The Human Genome laboratory is focused on identifying and characterizing the molecular etiopathology of syndromic developmental disorders, such as Cornelia de Lange syndrome, Coffin-Siris syndrome, and Mosaic Variegated Aneuploidy syndrome. Toward this end, this laboratory has identified new disease genes and investigated the perturbed pathways in these diseases.
The lab is also interested in understanding the role of genomic instability and associated gene expression changes during cancer development.
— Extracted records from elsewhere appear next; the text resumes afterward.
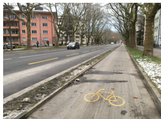
Piste cyclable unidirectionnelle avec séparation du trafic le long de la Winkelriedstrasse, Berne
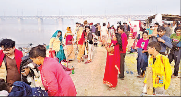
मकर संक्रांति पर गंगा स्नान के लिये तट पर पहुंचे श्रद्धालु।
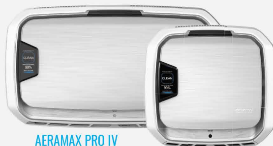
AERAMAX PRO IV FINO A 130mq

INTELLIGENTI: Tecnologia brevettata PureView che mostra in tempo reale la qualità dell'aria

To this aim, we study models of human tumorigenesis and relevant mouse models with a variety of genomic technologies, including comparative genomic hybridization, gene expression profiling, quantitative real-time PCR and proteomic methodologies.
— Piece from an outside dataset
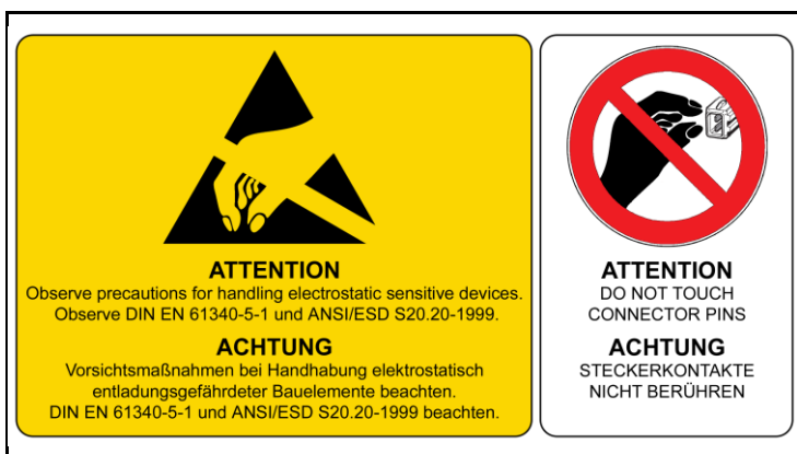
4 - ESD Hinweise / ESD Notes

The Human Genome laboratory has a strong commitment to translate their basic research findings to improve early cancer detection, prognostication, and treatment.
We aim to explore phenotypic and molecular overlaps of various rare neurodevelopmental syndromes associated with abnormal cohesin activity and chromatin dynamics. Our specific goals are:
a) to advance basic and clinical research in disorders with disturbed chromatin dynamics;
b) to provide information and research results to families and professionals on these rare diseases to improve care and management of patients.
The main objective is to gain further insight into the role of the cohesin pathway in genome stability maintenance and cancer development. Specific aims are:
a) To investigate the effects of the down-regulation of SMC1A gene as therapeutic target against colon cancer development in in vivo;
b) To establish an interactome atlas of cohesin in human cancer cells;
c) To study the role of the cohesin pathway in genome instability, beyond that of cohesion.